Top of DATA SEGMENT

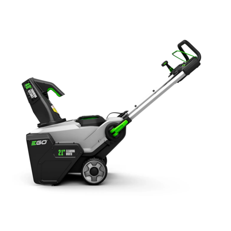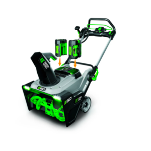 The new EGO POWER+ SNT2114 21″ Cordless Snow Blower delivers the power and performance of gas without the noise, fuss and fumes. Featuring Peak Power™ technology, it combines the power of any two EGO 56V ARC Lithium™ batteries for the power to clear heavy, wet snow with a throwing distance up to 40 ft. Built with a high-efficiency brushless motor and steel auger, the EGO POWER+ Snow Blower handles what the city snow plow leaves behind with ease; cutting through ice and snow 50% faster*. EGO harnesses the power of the industry’s most advanced 56V, 7.5Ah ARC lithium™ batteries to clear 8″ of snow on a 14 car driveway. The EGO POWER+ SNT2114 Cordless Snow Blower has the power to handle tough jobs fast without the noise, fuss and fumes of gas. Includes (2) 7.5Ah batteries and rapid charger.
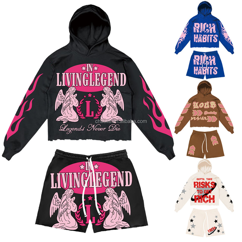 Ensemble de survêtement homme personnalisé de haute qualité, effet délavé soleil, avec broderie vieillie, comprenant un sweat à capuche et un short, et un ensemble sweat à capuche d'hiver à double fermeture éclair
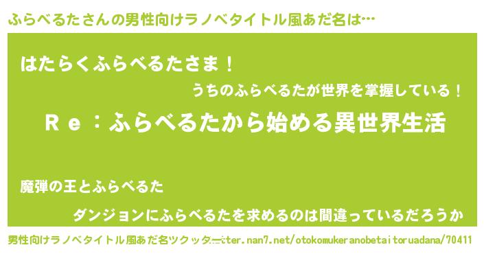 | 女子向けラノベタイトル風あだ名 | 『ふらべるたストレイドッグス』 |

Bottom of DATA SEGMENT

*WORK TASK*
Repeat the material exactly. Any picture in it should be dropped.

*SOLUTION*
 The new EGO POWER+ SNT2114 21″ Cordless Snow Blower delivers the power and performance of gas without the noise, fuss and fumes. Featuring Peak Power™ technology, it combines the power of any two EGO 56V ARC Lithium™ batteries for the power to clear heavy, wet snow with a throwing distance up to 40 ft. Built with a high-efficiency brushless motor and steel auger, the EGO POWER+ Snow Blower handles what the city snow plow leaves behind with ease; cutting through ice and snow 50% faster*. EGO harnesses the power of the industry’s most advanced 56V, 7.5Ah ARC lithium™ batteries to clear 8″ of snow on a 14 car driveway. The EGO POWER+ SNT2114 Cordless Snow Blower has the power to handle tough jobs fast without the noise, fuss and fumes of gas. Includes (2) 7.5Ah batteries and rapid charger.
 Ensemble de survêtement homme personnalisé de haute qualité, effet délavé soleil, avec broderie vieillie, comprenant un sweat à capuche et un short, et un ensemble sweat à capuche d'hiver à double fermeture éclair
 | 女子向けラノベタイトル風あだ名 | 『ふらべるたストレイドッグス』 |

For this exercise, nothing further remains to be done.